In the meantime, let’s drink down this feel-good Spring Training story for all the juice it’s got!
News and Notes
A couple of major stories broke yesterday. Last night, Jeff Passan delivered the big news about the AAA season that we’d been fearing:
As you recall from my post just last week, I suggested that this was an entirely likely possibility given the complexities of trying to meld a minor league schedule with MLB’s health and safety protocols. With good news about the vaccines roll out increasing (I’m getting my own first dose later today!), it makes sense to shift the AAA schedule back a month and put it in sync with the other leagues. Currently, that creates a 120 game schedule for AAA though it sounds like there’s a chance that the season might extend beyond its current Sept. 19 end-date. The delayed start could impact the ability of players like Heliot Ramos or Joey Bart to work their way into a big league callup as it will take them longer in the year to build up reps, but we’re still talking about five months of overlapped season.

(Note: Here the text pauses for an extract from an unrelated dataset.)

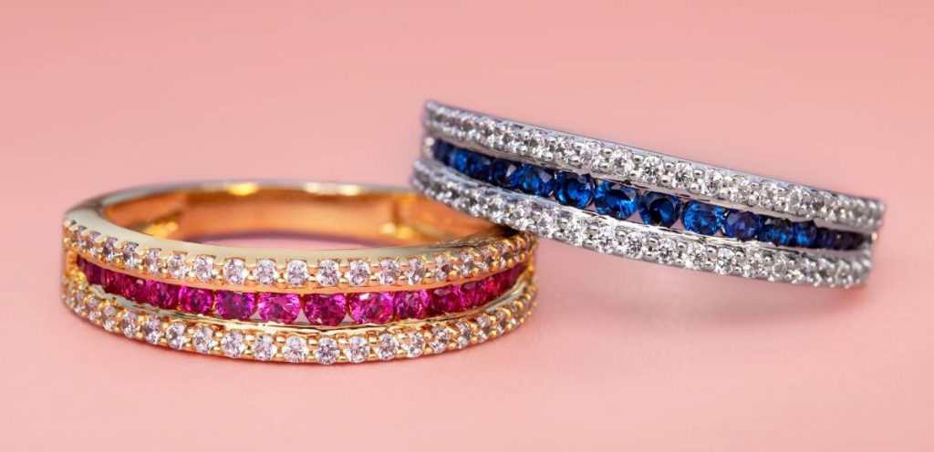 Lotus Jewels (Left) Bridal white gold rings studded with round and fancy-cut diamonds are just the right mark of celebration for the couple; (Right) These slim and striking white and gold bands lined with vibrant rubies, sapphires and brilliant diamonds can be stacked or worn singly.

Secondly, while it seems like just yesterday that we were covering the signings of the 2020 international class, we got some big news yesterday about the 2021 class (which almost certainly won’t be signed until January of 2022). It sounds like the Giants will once again be shopping in the designer aisles as Ben Badler’s first preview of the class connects them to what is likely to be the 8th highest bonus for switch-hitting shortstop Ryan Reckley out of the Bahamas. Badler anticipates that the Giants will sign Reckley to approximately a $2 million bonus (and Badler’s approximations tend to be highly accurate). So set your clocks to January 15, 2022 and get ready to be excited for more potentially-elite talent coming in through the international department. International Scouting Director Joe Salermo continues to be one of the most important (and least known) resources in the organization.
This is exactly the potential prospect recreational drugs that me and many others come here for. Possibly addictive and dangerous if over-used? Definitely. But damn it's fun for a night!
Delaying AAA unfortunately makes sense in this situation. Hey, I got my first Pfizer vaccine shot on Monday. It feels more like progress when it happens to you!😊
So how stacked is the White Sox organization that they can cut a prospect who did so well at Kannapolis?